[Goal of the exercise] Using the listing below, print the line containing "黑龙江大庆2025届高三下学期第三次模考政治试题及答案", the line containing "Lotto composto da", and each line between them, exactly and nothing else. Pictures stay out of the print.

#### Data to process ####

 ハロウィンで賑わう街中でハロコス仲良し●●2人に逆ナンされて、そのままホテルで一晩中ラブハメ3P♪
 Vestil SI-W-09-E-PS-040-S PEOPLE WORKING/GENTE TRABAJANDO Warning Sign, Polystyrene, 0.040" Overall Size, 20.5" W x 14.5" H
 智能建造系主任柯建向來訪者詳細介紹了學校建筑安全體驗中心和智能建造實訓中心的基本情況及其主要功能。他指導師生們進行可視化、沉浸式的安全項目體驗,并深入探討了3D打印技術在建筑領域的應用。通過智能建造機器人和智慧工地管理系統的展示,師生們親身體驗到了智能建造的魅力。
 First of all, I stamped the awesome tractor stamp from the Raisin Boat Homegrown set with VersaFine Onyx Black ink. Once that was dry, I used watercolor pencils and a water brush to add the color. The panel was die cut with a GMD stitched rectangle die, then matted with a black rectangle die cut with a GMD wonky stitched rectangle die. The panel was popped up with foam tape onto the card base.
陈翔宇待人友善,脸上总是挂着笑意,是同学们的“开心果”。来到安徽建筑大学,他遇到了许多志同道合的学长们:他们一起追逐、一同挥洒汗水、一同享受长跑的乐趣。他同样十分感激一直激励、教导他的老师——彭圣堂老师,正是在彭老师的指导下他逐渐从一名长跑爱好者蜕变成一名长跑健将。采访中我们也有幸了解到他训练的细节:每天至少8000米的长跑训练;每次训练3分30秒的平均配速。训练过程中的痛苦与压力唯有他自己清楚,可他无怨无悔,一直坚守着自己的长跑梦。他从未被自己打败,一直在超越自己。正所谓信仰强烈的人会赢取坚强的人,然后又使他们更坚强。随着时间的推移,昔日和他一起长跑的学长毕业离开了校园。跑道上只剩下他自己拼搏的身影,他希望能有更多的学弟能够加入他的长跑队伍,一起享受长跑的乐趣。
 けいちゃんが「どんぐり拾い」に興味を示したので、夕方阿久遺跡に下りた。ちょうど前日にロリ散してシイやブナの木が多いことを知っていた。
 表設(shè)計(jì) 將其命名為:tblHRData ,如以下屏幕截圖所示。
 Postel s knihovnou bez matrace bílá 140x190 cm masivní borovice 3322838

####
#### Data to process ####

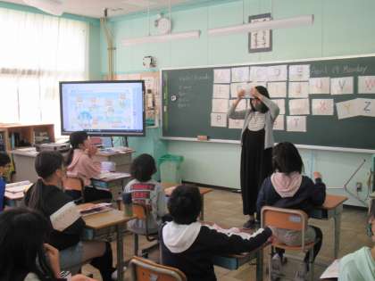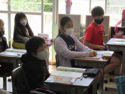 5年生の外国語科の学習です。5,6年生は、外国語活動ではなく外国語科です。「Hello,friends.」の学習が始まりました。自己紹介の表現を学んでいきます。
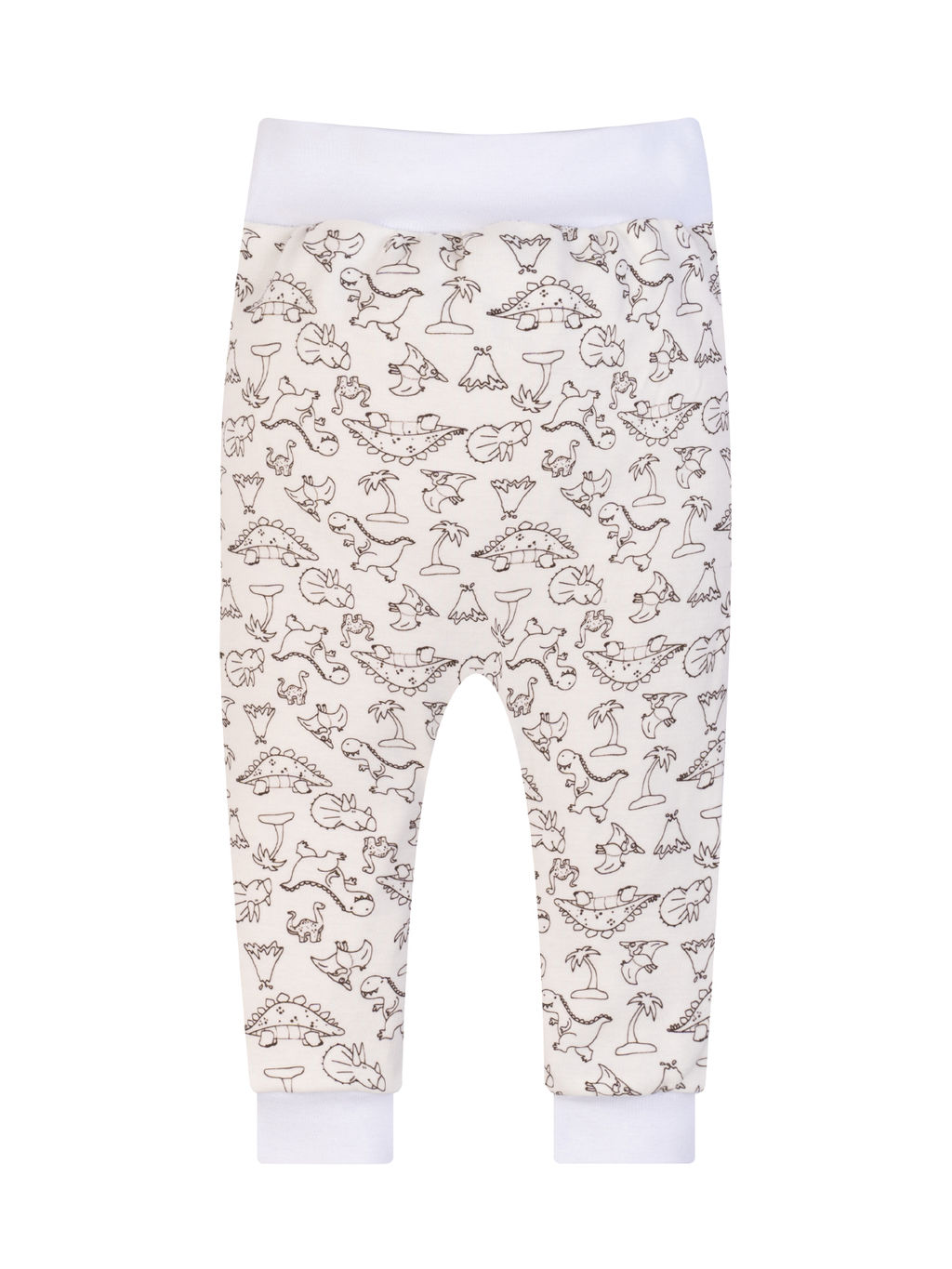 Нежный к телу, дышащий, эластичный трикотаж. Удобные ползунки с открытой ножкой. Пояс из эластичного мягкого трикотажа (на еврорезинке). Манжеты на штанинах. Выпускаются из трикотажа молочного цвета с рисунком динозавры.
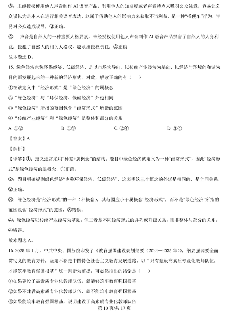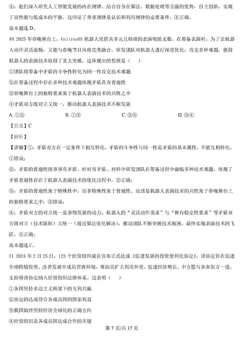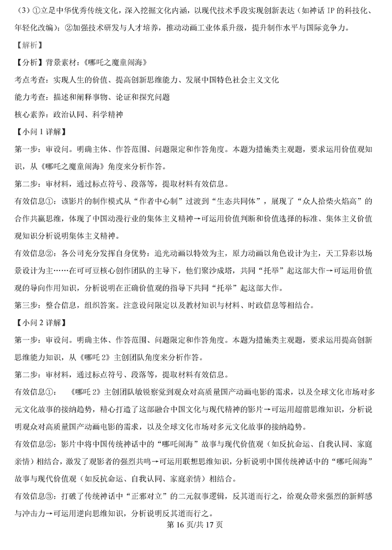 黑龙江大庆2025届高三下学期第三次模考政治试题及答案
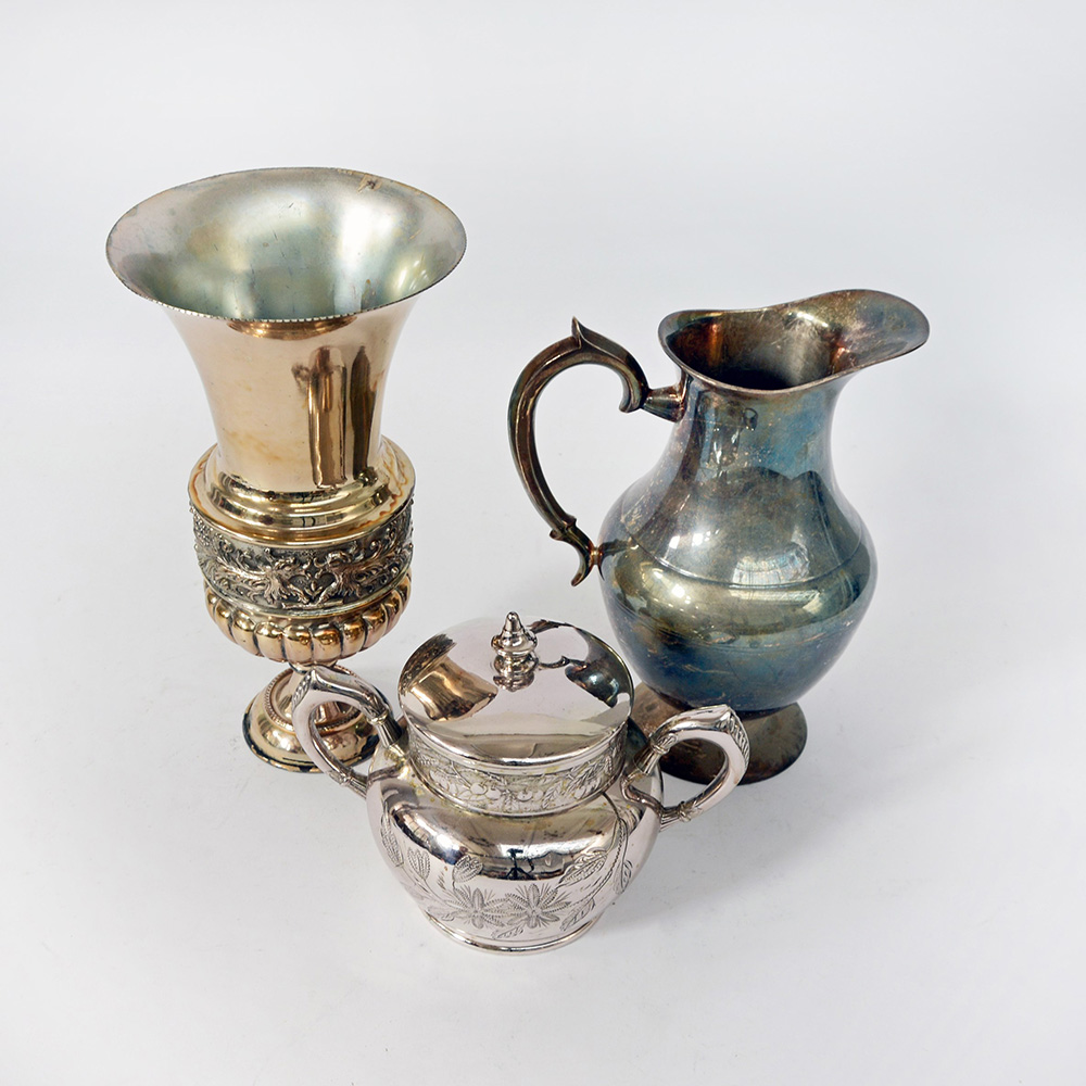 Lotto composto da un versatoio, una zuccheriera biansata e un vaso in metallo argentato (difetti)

####
#### Data to process ####

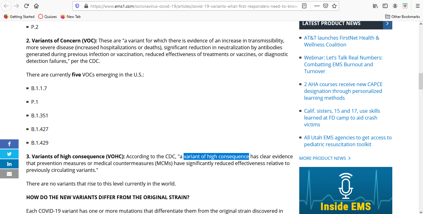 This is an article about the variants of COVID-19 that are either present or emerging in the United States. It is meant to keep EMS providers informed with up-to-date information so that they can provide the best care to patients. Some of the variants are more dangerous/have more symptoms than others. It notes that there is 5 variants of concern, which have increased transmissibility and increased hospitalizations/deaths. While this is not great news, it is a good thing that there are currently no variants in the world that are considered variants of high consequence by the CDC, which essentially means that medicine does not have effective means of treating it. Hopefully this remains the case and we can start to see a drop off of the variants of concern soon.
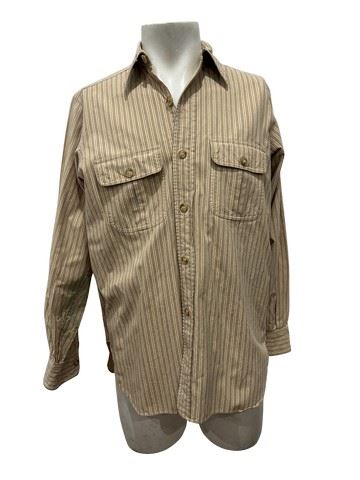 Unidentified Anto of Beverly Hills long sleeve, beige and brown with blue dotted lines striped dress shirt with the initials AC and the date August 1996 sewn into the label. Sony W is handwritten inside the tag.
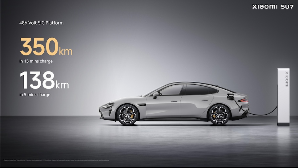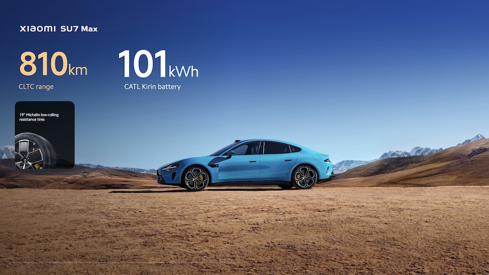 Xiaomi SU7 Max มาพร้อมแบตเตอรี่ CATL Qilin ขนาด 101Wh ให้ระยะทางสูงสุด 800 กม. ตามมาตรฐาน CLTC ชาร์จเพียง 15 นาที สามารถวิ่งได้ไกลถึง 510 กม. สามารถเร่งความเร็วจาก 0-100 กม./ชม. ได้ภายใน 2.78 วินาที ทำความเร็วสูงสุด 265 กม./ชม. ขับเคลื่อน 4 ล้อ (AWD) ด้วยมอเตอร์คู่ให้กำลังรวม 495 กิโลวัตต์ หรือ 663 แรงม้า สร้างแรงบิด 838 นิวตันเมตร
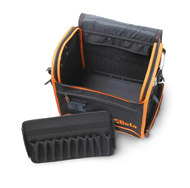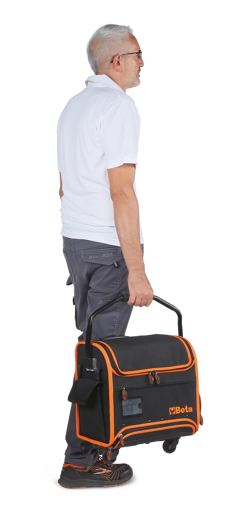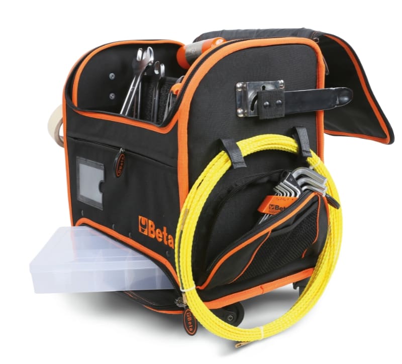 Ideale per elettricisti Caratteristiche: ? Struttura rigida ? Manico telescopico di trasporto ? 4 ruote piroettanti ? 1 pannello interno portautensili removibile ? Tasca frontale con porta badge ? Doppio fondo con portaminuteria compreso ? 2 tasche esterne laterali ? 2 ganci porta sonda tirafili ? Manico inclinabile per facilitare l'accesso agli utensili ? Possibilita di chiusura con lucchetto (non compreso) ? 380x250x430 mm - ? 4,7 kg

####

[Finished task]
 黑龙江大庆2025届高三下学期第三次模考政治试题及答案
 Lotto composto da un versatoio, una zuccheriera biansata e un vaso in metallo argentato (difetti)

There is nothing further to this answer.